Department of Applied Chemistry, Graduate School of Engineering, Nagoya University, Furo-cho, Chikusa-ku, Nagoya, 464-8603, Japan.
Langmuir. 2012 Dec 18;28(50):17524-9. doi: 10.1021/la3042023. Epub 2012 Dec 7.

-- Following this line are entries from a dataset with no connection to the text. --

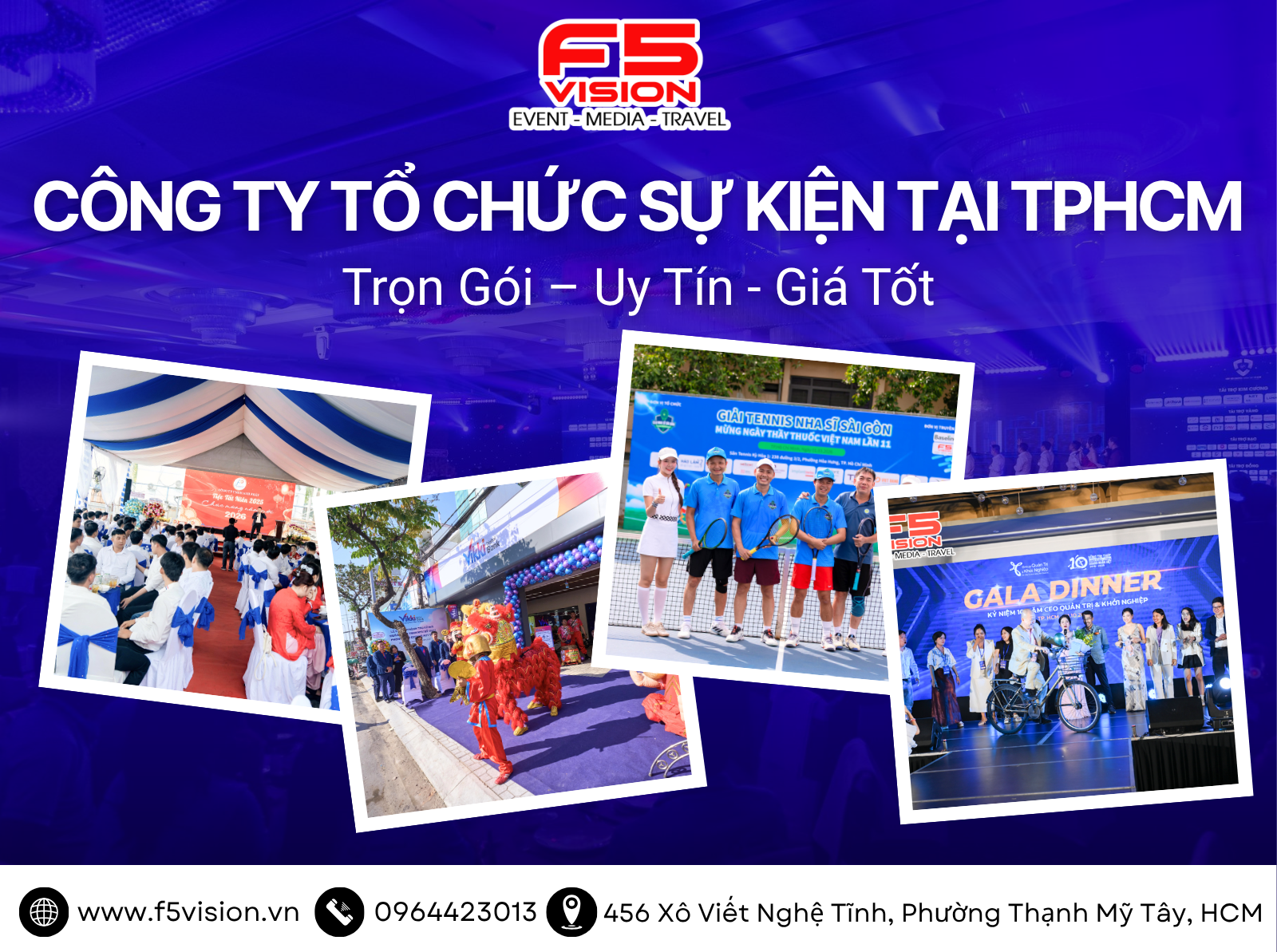 Chính vì vậy, việc lựa chọn một công ty tổ chức sự kiện tại TPHCM trọn gói – uy tín, giá tốt sẽ giúp doanh nghiệp tiết kiệm thời gian, tối ưu chi phí và đảm bảo chất lượng chương trình một cách tối đa. F5VISION hiện có dịch vụ tổ chức sự kiện trọn gói chuyên nghiệp, sáng tạo và hiệu quả, với báo giá minh bạch – tối ưu ngân sách cho từng nhu cầu.
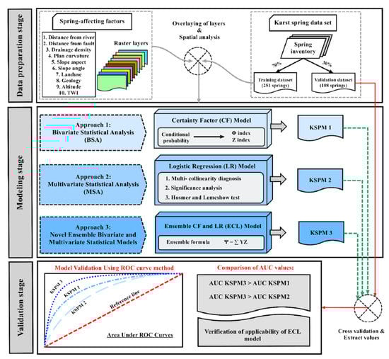 Ensemble modelling is the combination of multiple predictive models that are used conjunctively to provide an evaluation of the same dataset []. Ensemble modelling approaches have been widely used in different fields, including groundwater [,,,,,,,], flood [,,,,,,,,,,], landslide hazard [,,,,,,,,,,,,,,,,,,,,,,,,,,,,,], land/ground subsidence [,], gully erosion [,], dust storm [], wildfire [], sinkhole [], droughtiness [,], earthquake [,] and species distribution [,,]. These studies provide clear evidence that the application of ensemble models can potentially result in improved capability (over individual methods) of GIS-based statistical models []. However, previous studies aimed at the prediction of karst spring occurrence have not investigated the potential of ensemble models that integrate bivariate and multivariate statistical models to support the construction of spring potential maps [,].
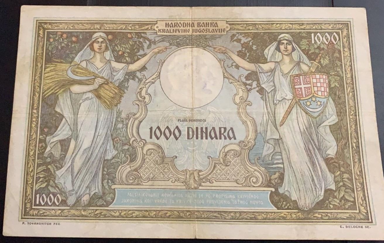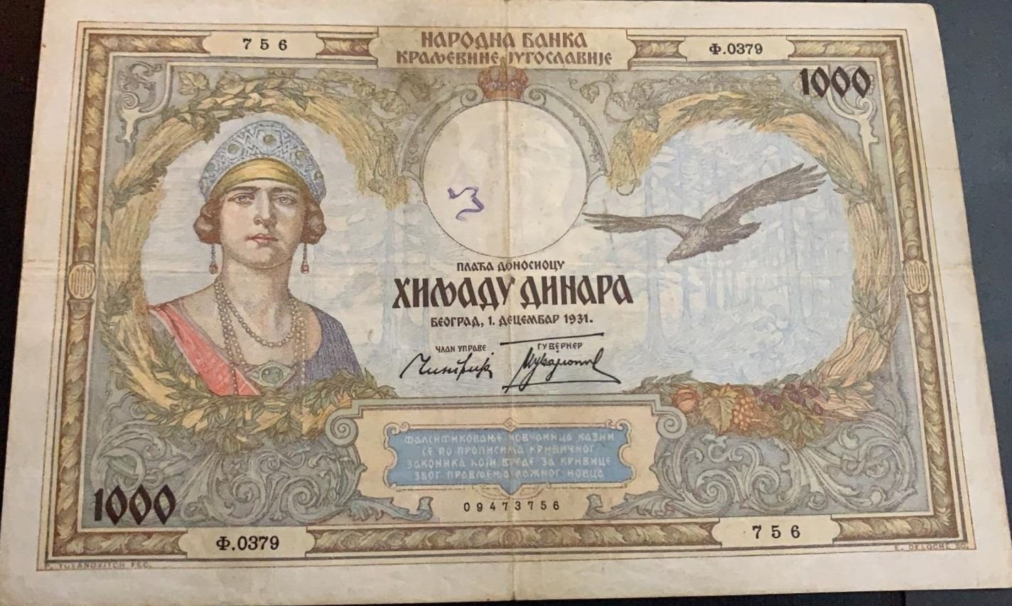 Yugoslavia, 1.000 Dinara, 1931, XF, p29br/serial number: 0379/756
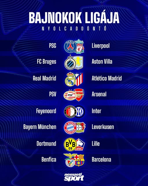 Sorsoltak a Bajnokok Ligájában: itt vannak a párosítások a nyolcaddöntőre!
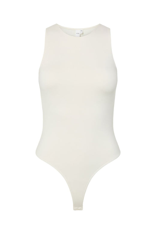 Weiße Body von Y.A.S aus Jersey-Material mit Stretch. Die Body hat einen runden Halsausschnitt und ein ärmelloses Design mit einer figurbetonten Passform.
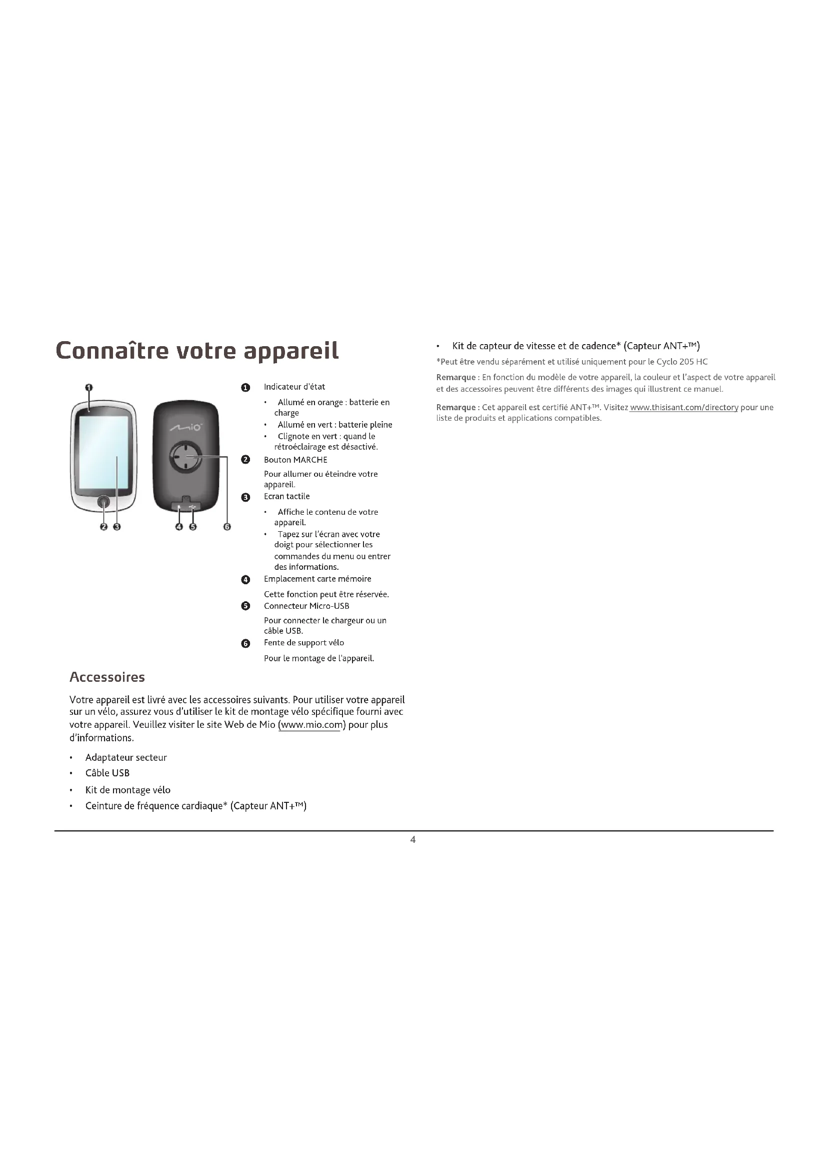 - 200/205 Manuel d’utilisation2 Bienvenue Merci d’avoir acheté cet appareil. Veuillez lire attentivement ce manuel avant d’utiliser votre appareil pour la première fois. Conservez ce manuel en lieu sûr et utilisez-le comme référence prioritaire. Informations importantes relatives à l’utilisation de ce manuel Il est important de comprendre les termes et les conventions typographiques utilisés dans ce manuel. Caractère gras — Composants ou items qui s’affichent à l’écran, y compris les boutons, les en-têtes, les noms de champ et les options. Caractère italique — Indique le nom d’un écran. Décharge de responsabilité Tous les modèles ne sont pas disponibles dans toutes les régions. Selon le modèle acheté, la couleur et l’apparence de votre appareil et des accessoires peuvent ne pas être exactement tel que montré dans les différentes images de ce document. Mio applique une politique de développement en continu. Mio se réserve le droit d’effectuer des modifications et des améliorations sur les produits décrits dans ce document, sans préavis. Mio ne garantit pas l’absence d’erreur dans ce document. Les captures d’écran et les autres présentations qui illustrent ce manuel, peuvent être différentes des écrans et présentations réels du produit actuel. Ces différences sont mineures et le produit actuel présente la fonctionnalité matérielle décrite dans ce Manuel de l’utilisateur. Copyright © 2016 MiTAC International Corporation. Mio est une marque déposée de MiTAC International Corporation. Tous droits réservés. Toutes les marques ou les noms de produit sont des marques déposées ou des marques commerciales de leurs sociétés respectives. ANT+™ est une marque commerciale de Dynastream Innovations Inc. ou de ses filiales. Révision : R00 (6/2016) Table des matières Bienvenue p. 2

We report facile preparation of nanoporous thin films by rinsing out a metal salt from nanophase-separated hybrid films composed of a block copolymer and a water-soluble metal salt. Nanophase-separated hybrids were prepared by mixing polystyrene-b-poly(4-vinylpyridine) (PS-P4VP) and iron(III) chloride in a solvent of pyridine, followed by solvent-casting and thermal-annealing. Film samples with a thickness of ca. 100 nm were fabricated from the nanophase-separated hybrids by using a microtoming technique. Metal salts in the films were removed by immersion into water to fabricate nanopores. Morphological observations were conducted by using transmission electron microscopy (TEM). Ordered cylindrical nanopores were clearly observed in the thin films prepared from the water-immersed hybrids which originally present cylindrical nanodomains. These nanoporous films were modified by loading another metal salt, samarium(III) nitrate, into the nanopores on the basis of the coordination ability of P4VP tethered to the pore walls. The samples after loading treatment were evaluated by TEM observation and elemental analysis with energy dispersive X-ray spectroscopy.
我们报告了通过从由嵌段共聚物和水溶性金属盐组成的纳米相分离杂化膜中冲洗出金属盐来制备纳米多孔薄膜的简便方法。通过在吡啶溶剂中混合聚苯乙烯-b-聚(4-乙烯基吡啶)(PS-P4VP)和三氯化铁,然后进行溶剂浇铸和热退火,制备了纳米相分离的杂化物。通过使用微切割技术,从纳米相分离的杂化物中制备了厚度约为 100nm 的薄膜样品。通过将薄膜浸入水中来去除金属盐,以制备纳米孔。通过透射电子显微镜(TEM)进行了形态观察。在从最初呈现圆柱形纳米区的水浸杂化物制备的薄膜中,可以清楚地观察到有序的圆柱形纳米孔。这些纳米多孔薄膜通过基于连接到孔壁的 P4VP 的配位能力将另一种金属盐,硝酸钐(III)加载到纳米孔中来进行修饰。通过 TEM 观察和能量色散 X 射线光谱的元素分析对负载处理后的样品进行了评估。